Carbon credits are generated by activities that reduce or avoid greenhouse gas emissions linked to global warming, such as planting trees, protecting existing carbon sinks or replacing polluting coal with alternatives clean energy. Until now, these loans were mainly negotiated by companies in an unregulated and scandal-ridden market.

But the 2015 Paris climate agreement said countries could also participate in a cross-border exchange of carbon reductions. The general idea is that countries – mainly rich polluters – can buy carbon credits from other countries that are performing better on their own emissions reduction targets.

Article 6

The initiative, known as Article 6, includes both direct country-to-country trade and a separate UN-backed market. It has proven popular with developing countries seeking international funding and richer countries keen to find new ways to meet their ambitious emissions reduction targets.

The European Union and the United States pushed for a deal at COP29 in Baku, the capital of Azerbaijan. Many developing countries, particularly in Asia and Africa, have already signed up for projects.
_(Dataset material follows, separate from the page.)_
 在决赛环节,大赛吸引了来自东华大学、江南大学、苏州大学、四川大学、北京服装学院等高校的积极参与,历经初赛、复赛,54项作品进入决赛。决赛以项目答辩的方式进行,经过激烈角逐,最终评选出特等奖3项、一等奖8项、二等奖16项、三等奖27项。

But experts fear these schemes allow countries to trade questionable emissions cuts that disguise their inability to actually reduce greenhouse gas emissions.

At the start of the month, more than 90 agreements had already been concluded between countries for more than 140 pilot projects, according to the UN. But so far only one exchange has taken place between countries, involving Switzerland purchasing credits linked to a new fleet of electric buses in Bangkok, the Thai capital.
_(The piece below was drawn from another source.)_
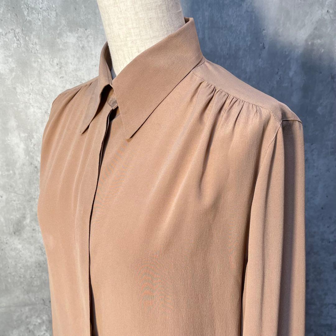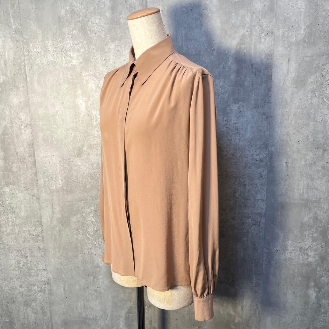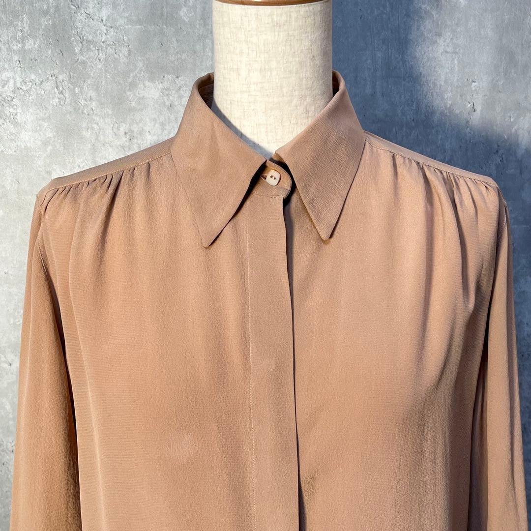 MaxMaraらしい落ち着いた色合いの上品な大人可愛いギャザーデザインブラウス

Switzerland has other agreements with Vanuatu and Ghana, while other buying countries include Singapore, Japan and Norway.

The biggest threat

to the Paris Agreement’

The Climate Action Tracker project warned that Switzerland’s lack of transparency over its own emissions reductions risked “setting a bad precedent”. Niklas Hohne of the NewClimate Institute, one of the groups behind the project, warned that there was a fear that the market would induce developing countries to under-promise emissions reductions in their own plans nationals in order to be able to sell credits for any reduction above this threshold. level.

“There is great motivation on both sides to make mistakes,” he said.

Injy Johnstone, a researcher specializing in carbon neutrality at the University of Oxford, told AFP that the fact that nations could set their own standards in these agreements between countries was a major concern.

She said that overall, the risk of greenwashing makes Article 6 “the greatest threat to the Paris Agreement.”

Alongside this decentralized state-to-state system, there will be another UN-managed carbon credit trading system, open to both states and businesses.

On the opening day of COP29, nations agreed on a number of crucial ground rules to set this UN-administered market in motion, after nearly a decade of complex discussions.

“Many projects are waiting” to be put on the market, Andrea Bonzanni of the IETA International Emissions Trading Association told AFP. IETA has more than 300 members, including energy giants like BP.

Despite these positive signs, some experts have expressed doubts that the quality of carbon credits traded on the regulated market is much better than that of previous carbon credits.

Erika Lennon of the Center for International Environmental Law said it would be necessary to ensure such markets do not create “even more problems and more scandals than voluntary carbon markets.”

These “voluntary” markets have been rocked by scandals in recent years, amid accusations that some credits sold did not reduce emissions as promised or that the projects exploited local communities.